I considered two possible ways of defining fairness. The first is calibration. A well-calibrated classifier predicts similarly accurate probabilities regardless of status. It is free to predict that newcomers (or anons) have a higher probability of making damaging edits compared to normal editors. But if it systematically over-estimates this probability, then we would say that it is biased against newcomers (or anons) in terms of calibration.

The second fairness criteria I consider is balance. As with calibration, a balanced classifier is free to associate newcomers and anons with a greater risk of making damaging edits. But instead of looking at the predicted probabilities, balance considers the kinds of errors the algorithm makes. A false-positive error occurs when the model predicts damage, but the edit was not truely damaging. Since having your edit labeled damaging is a bad thing, a model with a higher false-positive-rate (fpr) for newcomers (or anons) compared to normal (neither newcomer nor anonymous) editors is biased in terms of false-positive balance. If ORES has this kind of bias then edits by newcomers (or anons) will be more likely to be labeled as damaging when they are actually good edits compared to other editors.

Similarly, a false-negative error occurs when the model predicted that the edit was good, but the edit was actually damaging. Similarly, a model with a lower false-negative-rate (fnr) is based in terms of false-negative balance. If ORES has this kind of bias then edits by newcomers (or anons) will be less likely to be labeled as good when they are actually good compared to other editors.

It turns out that, while both of these notions of classifier fairness might seem reasonable or intuitive, that it isn't possible in practice to have them both (unless your model is a perfect predictor or the status is irrelavent). ^[1]

The code is in my fork of the editquality repository here, on github.

Calibration

To assess the calibration of ORES models, for each of the 26 wikis that have enabled ORES models, I first estimated the likelihood that an edit is damaging (or goodfaith) within each group of editors (newcomers, anons, normal) simply by taking the mean over the human labeled edits for each group. I compared these estimates to the mean probability estimate output by the model for each group. Taking the difference of these two means provides a measure of calibration.

Figure 1.1. ORES damaging models are biased against newcomers and anonymous editors in terms of calibration. We can see that most of the damaging models tends to overestimate the chances that an edit is damaging, and that predicted probabilities that newcomer and anonymous editors make damaging edits are overestimated even more than edits by normal editors. Error bars show 95% confidence intervals for estimated differences in sample means.

Figure 1.2. ORES goodfaith models are biased against newcomer and anonymous editors. We can see that most of the goodfaith models tends to underestimate the chances that an edit is made in goodfaith.

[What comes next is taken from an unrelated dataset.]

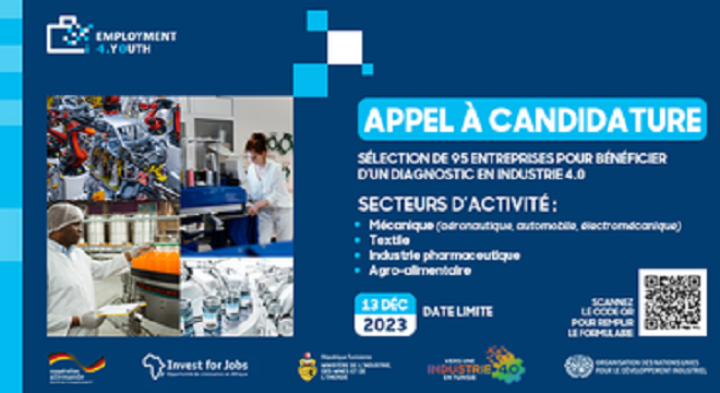 L’objectif visé de cet appel à candidature est de sélectionner 95 entreprises opérant dans les secteurs de la mécanique (aéronautique, automobile, électromécanique), Textile, Industrie pharmaceutique et Agro-alimentaire pour bénéficier de l’appui du projet pour la réalisation d’un diagnostic de maturité en Industrie 4.0 qui devra aboutir à l’élaboration d’un plan d’accompagnement et à l’implémentation de solutions 4.0 permettant d’optimiser leur performance, qualité, flexibilité et leur compétitivité sectorielle.

Moreover, the predicted probabilities that newcomer and anonymous editors make edits in goodfaith is often underestimated even more than edits made by normal editors. Error bars show 95% confidence intervals for estimated differences in sample means. Compared to the damaging models, many of the goodfaith models (for ar, bs, ca, wikidata, es.wikibooks, he, hu, lv, pl, and sr) appear well calibrated across the editor groups.

Balance

The above evaluation in terms of calibration uses the raw probability scores output by the model. But to measure balance we have to choose a threshhold in order to convert probability predictions into discrete classifications. Choosing these threshholds is somewhat arbitrary, but the ORES models are being used by people and the threshholds that they use to make discrete decisions (like to define filters in RecentChanges, are published in Special:ORESModels. These define 4 different thresholds for each model to correspond with different levels of confidence in the classification. Different Wikipedia communities choose different thresholds according to their preferences, and not every wiki uses 4 threshholds for both models.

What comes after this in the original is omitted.